COORDENADO PELO PROF. DR. ROBERTO DE ALMEIDA PEREIRA DE BARROS


Descrição: Os posicionamentos e direcionamentos da filosofia de Ludwig Wittgenstein constituem em aspectos constitutivos de um dos mais importantes momentos da reflexão filosófica contemporânea. Sua filosofia representa uma variante do positivismo lógico de Russell, Frege e do círculo de Viena (Hacker, 1996, p. 86) e direciona-se a uma reflexão sobre os problemas linguísticos da atividade filosófica. Suas proposições e pressupostos influenciam vários domínios da filosofia contemporânea, da filosofia analítica ao pragmatismo, constituindo-se com isso em uma das mais importantes vias de reflexão na contemporaneidade.

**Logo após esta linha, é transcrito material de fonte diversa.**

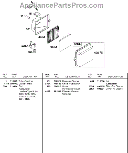 Parts for Briggs & Stratton 115432-0139-01: Air Cleaner Parts

Seu pensamento indica limites e dificuldades a serem considerados pela atividade filosófica sob o ponto de vista de sua pertinência e justificação teórica, ao mesmo tempo que lhe indica novas possibilidades, a partir do reconhecimento destes limites. Sua reflexão sobre a linguagem extrapola o domínio do formalismo lógico e amplia-se em uma discussão estética e ética, ao diferenciar a filosofia terapêutica da filosofia doutrinal (Schroeder, 2009, p. 27), que redunda na concepção da filosofia como atividade interpretativa em um contexto de jogos de significações e linguagens, possibilitados pela clara representação do uso linguístico em sua multiplicidade. Desse modo, se dissolvem os problemas filosóficos, desmascarados como problemas aparentes, destruindo os edifícios flutuantes que caracterizam a metafísica (IF, 118), criando possibilidades para a reflexão filosófica.